Access and secret key exposure through public code repositories This scenario occurs when developers hard coded credentials in the application’s codebase.
Application exploits resulting from vulnerabilities in applications and unpatched platforms provisioned by customers.
Non-Public Information (NPI) exposure through unsecured resources, such as internal S3 buckets, unintentionally exposed to the Internet.
Threat actors pivoting from an on-premises environment to AWS, including compromised end-user computers.
Third-party compromises resulting in threat actors harvesting AWS credentials.

The AWS client base is so vast that MITRE released an AWS-specific ATT&CK framework that includes nine tactics with multiple techniques included to help organizations model threats against their AWS resources and plan security controls.

Incident Response

Incident response in AWS environments combines traditional forensic methods with AWS native tools and capabilities. Also, the type of data analysts can acquire depends on the provisioned resources. For example, if an organization provisions EC2 instances, analysts can acquire system memory and snapshots of system volumes. With PaaS and SaaS resources, analysts must leverage event logs generated by AWS security services, such as CloudTrail.

Let’s take a brief look at AWS-native services that analysts can leverage during investigations before discussing more traditional approaches.

AWS Tools and Capabilities

CloudTrail, VPC flow logs, and CloudWatch are three primary services analysts can leverage to investigate incidents in AWS environments.

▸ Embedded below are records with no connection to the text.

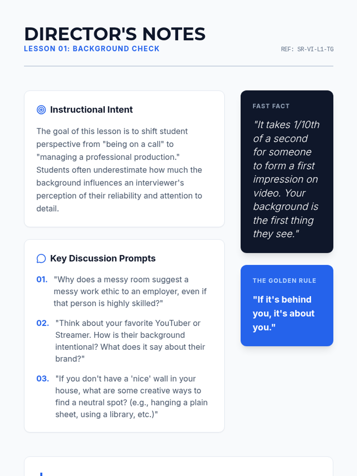 A comprehensive 5-lesson sequence for 9th graders focusing on the technical and environmental aspects of professional virtual interviews, from background composition to lighting, audio, and framing.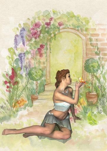 Keywords: girl bird door garden watercolor fairytale hand science fiction flower magical fantasy cute magic tale dream woman mystery fairy tale outdoor story imagination light mysterious surreal wood leaves enchanted imagine colorful bright romantic composition creative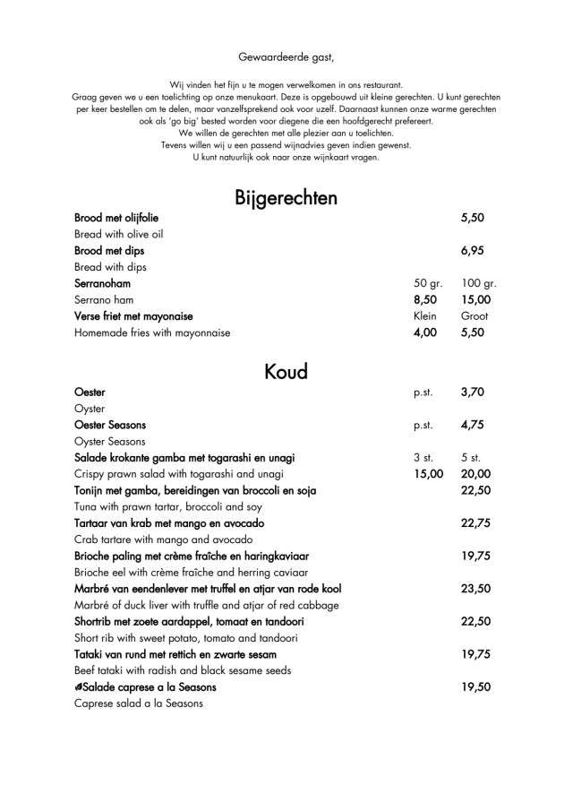Met de prachtige tuin aan de achterzijde en gezellig terras aan de voorzijde is Seasons van alle gemakken voorzien. Bij binnenkomst in het restaurant ervaart u direct de royale mogelijkheden van Seasons; tafelen in ongedwongen sfeer, ontspannen een drankje nuttigen aan de gezellige bar of genieten v...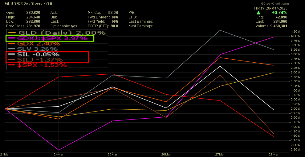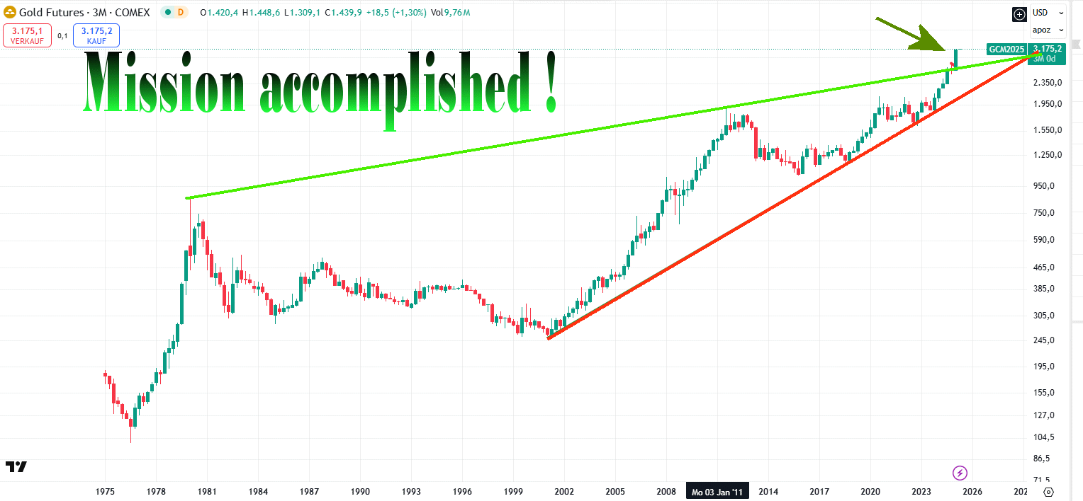 …dann kommt‘s vlt. so, dass mit den heutigen Zollankündigungen der breite Markt eine Rallye startet (…sell the rumour buy the fact)…und der Abverkauf in Edelmetall beginnt. Bin gespannt.

CloudWatch allows organizations to collect, search, and visualize data from multiple AWS resources. Administrators can configure specific resources to forward data to CloudWatch, such as security event logs for correlation, analytics, and searching.
CloudTrail, on the other hand, provides detailed event logs of every activity that occurs on AWS resources, including the AWS console, AWS command-line interface, and API calls. The service also provides an optional file integrity verification feature that analysts use to establish if an attacker tampered with log files.
Finally, VPC Flow Logs capture information about the IP traffic going to and from network interfaces in your VPC. Customers can enable VPC logging at an interface or global level.

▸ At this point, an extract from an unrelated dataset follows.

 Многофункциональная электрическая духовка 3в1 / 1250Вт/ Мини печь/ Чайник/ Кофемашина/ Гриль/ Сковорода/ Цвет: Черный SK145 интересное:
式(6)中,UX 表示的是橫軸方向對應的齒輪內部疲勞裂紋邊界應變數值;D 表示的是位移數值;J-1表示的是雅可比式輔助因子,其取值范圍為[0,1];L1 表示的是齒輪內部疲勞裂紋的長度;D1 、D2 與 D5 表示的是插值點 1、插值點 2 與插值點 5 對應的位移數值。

AWS also offers several other services, including Inspector, Macie, Guard Duty, and Security Hub, among others that greatly simplify incident investigations. I encourage you to explore those services on the AWS website.

Traditional Incident Response Methods

Unfortunately, AWS does not provide its customers with a facility to create point-in-time snapshots of EC2 state, as in the case of VMware and other virtualization platforms commonly legered in on-premises environments. However, customers can still acquire the contents of a virtual machine in the following ways:

Memory: use a third-party tool to acquire the contents of virtual memory. Several tools exist to collect Windows memory. To acquire Linux memory, analysts must use the loadable kernel module LiME.
System volume: create a point-in-time snapshot of the Elastic Block Store (EBS) volume containing the operating system files.

To facilitate forensic analysis of the disk volume, analysts have two options:

Provision another EC2 instance in the AWS cloud, mount the system EBS volume to it, and acquire a forensic image of that volume for offline analysis using tools such as the dd utility.
An alternative approach is to provision a forensic analysis system in the AWS cloud and mount the EBS volume snapshot to that system for analysis in the cloud.

To analyze system memory, analysts can leverage traditional approaches and tools, such as the Volatility framework.

Of course, customers also can install EDR on EC2 instances and collect system telemetry during the course of the system operation. There are also various open-source tools that analysts can run to perform targeted forensic acquisitions from running systems.

Conclusion

Incident response in AWS environments combines traditional incident response and digital forensics methods with AWS native tools and capabilities. Moreover, the type of data analysts can acquire depends on the provisioned resources and auditing enabled on those services. Consequently, analysts must be familiar with both AWS and traditional forensic methods to investigate incidents in AWS environments effectively.